PA3C3

Workflow

1. read configuration (yml)

2. read areafile (polygon shape)

3. read DHM (raster)

4. read LU (raster)

5. calculate slope from DHM

6. landuse calculations

   1. transform LU raster to LU polygons

   2. filter landuse values

   3. dissolve polygons

   4. explode polygons (multipart to singlepart)

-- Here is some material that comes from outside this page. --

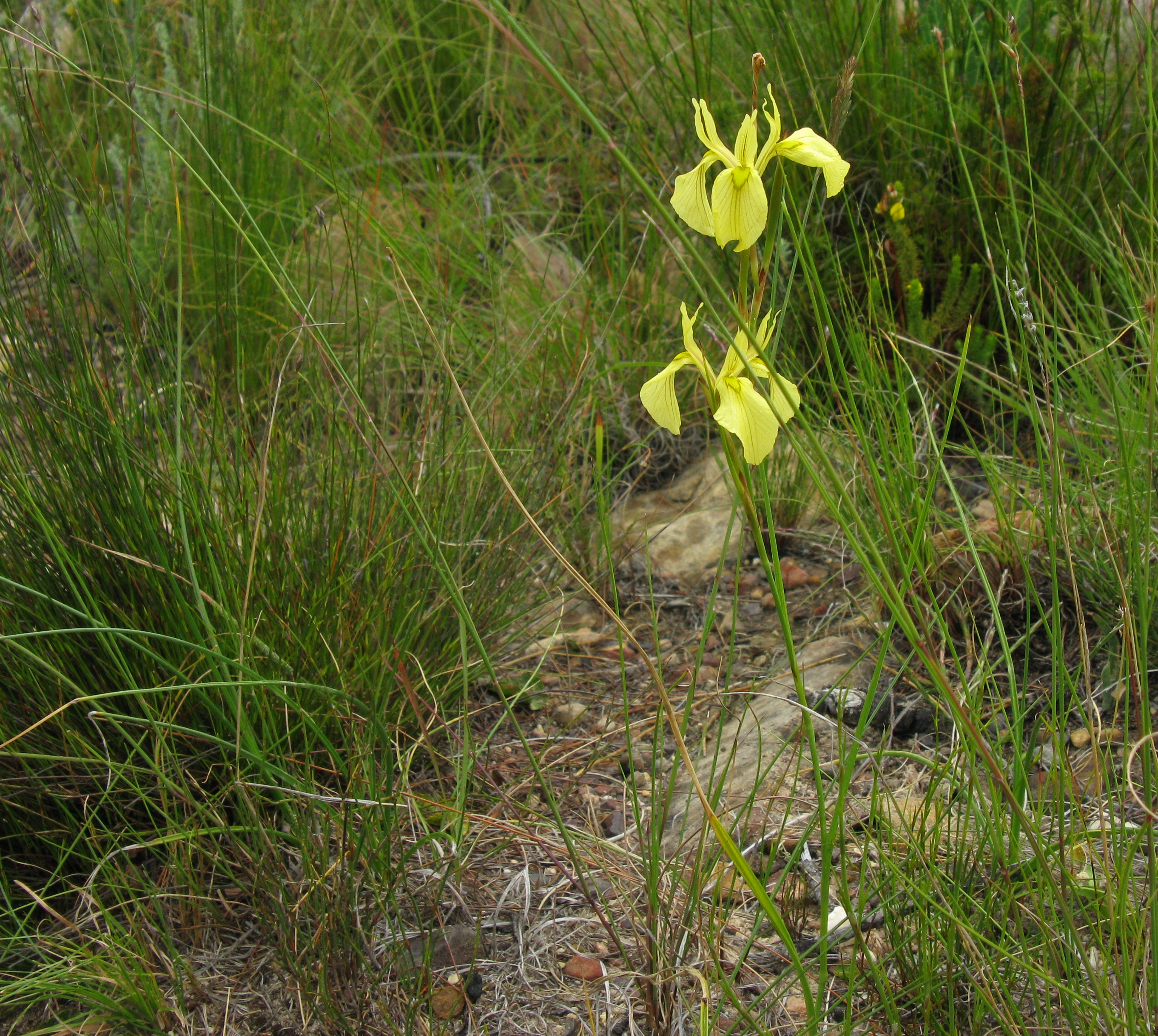 Moraea neglecta, about 1 foot high, with rather showy yellow flowers of fair size.

   5. calculate area & filter

   6. calculate compactness (Schwartzberg algorithm) & filter

   7. calculate average slope & filter

   8. calculate altitude & filter

7. Sun & Radiation calculations

   1. calculate sunrise/sunset for the area

   2. calculate horizon for viewdirections

   3. compare sun angle with horizon → no direct irradiation if sun is below horizon

   4. get CCCA Radiation Values

   5. Daily to Hourly

   6. manipulate hourly values according to sun/horizon situation

8. Calculate PV Output of a System

   1. includes self shading of modules

TODO

1. Output ASCII for Erwin

2. Output PV Production

3. Crosscheck PV Production with real values

Description

Downscaling

https://www.hindawi.com/journals/ijp/2015/968024/

Sunrise/Sunset

several python libraries exists, simple one: suntimes

import suntimes
place = SunTimes(lon, lat, alt=200)

NetCDF

The NC Files from CCCA have the following structure (solar radiation example):

<class 'netCDF4._netCDF4.Dataset'>
root group (NETCDF4 data model, file format HDF5):
    comment: Bias corrected (scaled distribution mapping) data of the EURO-CORDEX model MOHC-HadGEM2-ES_rcp45_r1i1p1_CLMcom-CCLM4-8-17
using observational data from Global radiation dataset (ZAMG).
Historical and future projection under the RCP4.5 scenario.
Reference period: 1981-2005
    contact: Armin Leuprecht <[email protected]>
    institution: Wegener Center for Climate and Global Change, University of Graz, Austria
    project: OEKS 15
    title: Statistically downscaled Global radiation for Austria until 2100 under the RCP4.5 scenario
    Conventions: CF-1.5
    history: Wed Oct  5 14:23:40 2016: ncks -d time,0,44999 rsds_SDM_MOHC-HadGEM2-ES_rcp45_r1i1p1_CLMcom-CCLM4-8-17_all.nc /work/eau00/eau006/oeks15/euro-cordex-sdm/rcp45/rsds_SDM_MOHC-HadGEM2-ES_rcp45_r1i1p1_CLMcom-CCLM4-8-17_1971-2075.nc
    NCO: "4.5.5"
    references: Matthew B. Switanek et al., Scaled distribution mapping: a bias correction method that preserves raw climate model projected changes, Hydrology and Earth System Sciences Discussions, 2016, doi:10.5194/hess-2016-435
    dimensions(sizes): y(297), x(575), time(53610), bnds(2)
    variables(dimensions): int32 lambert_conformal(), float64 lat(y, x), float64 lon(y, x), float32 rsds(time, y, x), float64 time(time), float64 time_bnds(time, bnds), int32 x(x), int32 y(y)
    groups:

we have t approximate the location to get to the metered values on the conical CRS. - written a function for that (thanks peter for the hints)

Time

• variable: time

• days since 1949-12-01 00:00:00

• 360 day calendar (12x30)

Radiation

• function (time, y, x)

• variable: rsds

• unit: W/m²

• mode: mean

Process of DATA

GHI daily mean → GHI hourly

Lui Jordan

• INPUT: angle of sunset (pvlib), current sun angle (pvlib)

Collares-Pereira Rabel

• INPUT: angle of sunset, current angle

horizon calculation from DEM/DHM

https://pypi.org/project/topocalc/#horizon-angles